Injectable Contraceptive for Men Passes Clinical Trials, Awaits Approval in India
Designed to replace surgical vasectomies, its effectiveness lasts 13 years.
The race to develop the first, injectable form of male contraceptive has reached India.
Though many Indian men do feel it’s a notion too “graphic” to consider, the Hindustan Times reports that the Indian Council of Medical Research, a government-funded biomedical research agency, has successfully completed a clinical trial on an injectable male contraceptive.
Awaiting regulatory approval from the Indian government, Reversible Inhibition of Sperm Under Guidance (RISUG), is made of a compound called Styrene Maleic Anhydride and is effective for at least 13 years once injected.

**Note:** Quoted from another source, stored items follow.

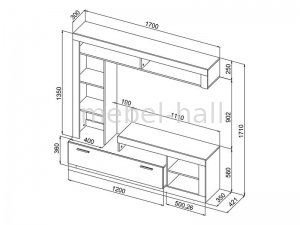Полное изделие: Ш 170 см х В 171 см х Г 42,1 см
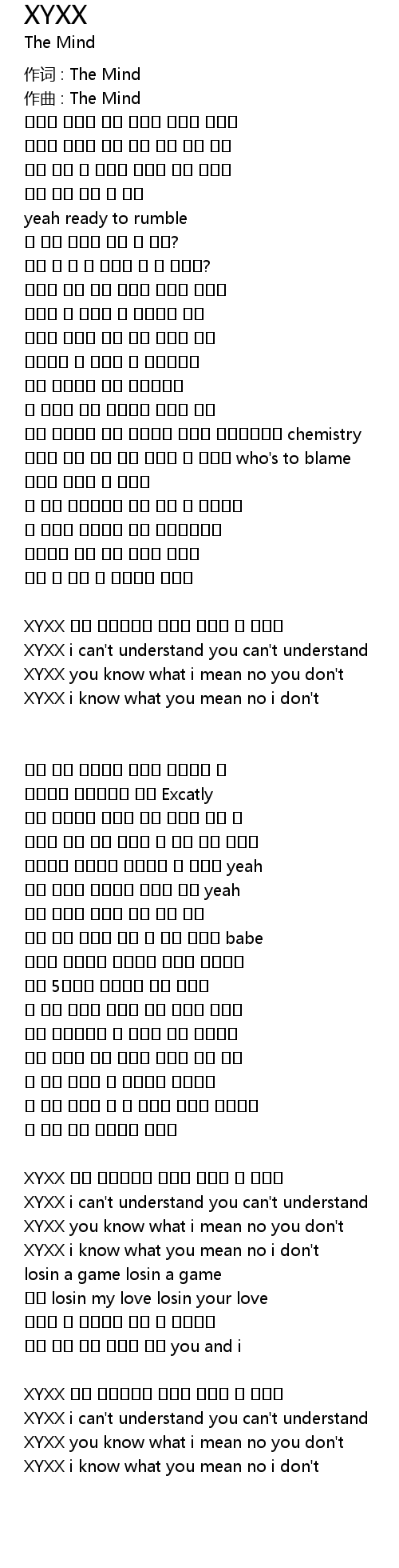 XYXX i can't understand you can't understand |
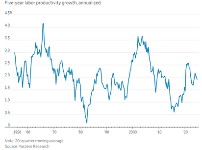 The Wall Street Journal wrote last week that the U.S. could be on the cusp of a productivity boom reminiscent of the second half of the 1990’s which was triggered by technology. The Congressional Budget Office (CBO) sees federal debt held by the public rising from 99% of gross domestic product in 2024 to 116% in 2034. This assumes total factor productivity growth of just 1.1% per year. Raising this estimated productivity growth by just half of a percentage point would mean the debt-to-GDP ratio reaches a much more manageable level of 108% by 2034. Ed Yardeni’s forecast on productivity growth would indicate an overall bullish outlook for the stock market in 2025. He forecasts a boost in productivity that could reach 3.5% in the second half of this decade, a boom in profitability for constituents of the S&P 500.

A sperm blocker, RISUG has been in development since 1984, and its latest round of clinical trials saw 303 candidates recruited, with a 97.3% success rate, and no reported side effects.
The injectable product has been compared to America’s Vasalgel, the Parsemus Foundation’s gel-based, no-scalpel vasectomy alternative. Vasalgel is injected into the vas deferens, and if a man wishes to restore the flow of sperm, after months or years, the polymer can be dissolved and flushed out.
The only unique differences between Vasalgel and RISUG is that RISUG has been in development four-times as long as Vasalgel, and also has a finite, defined length of effectiveness.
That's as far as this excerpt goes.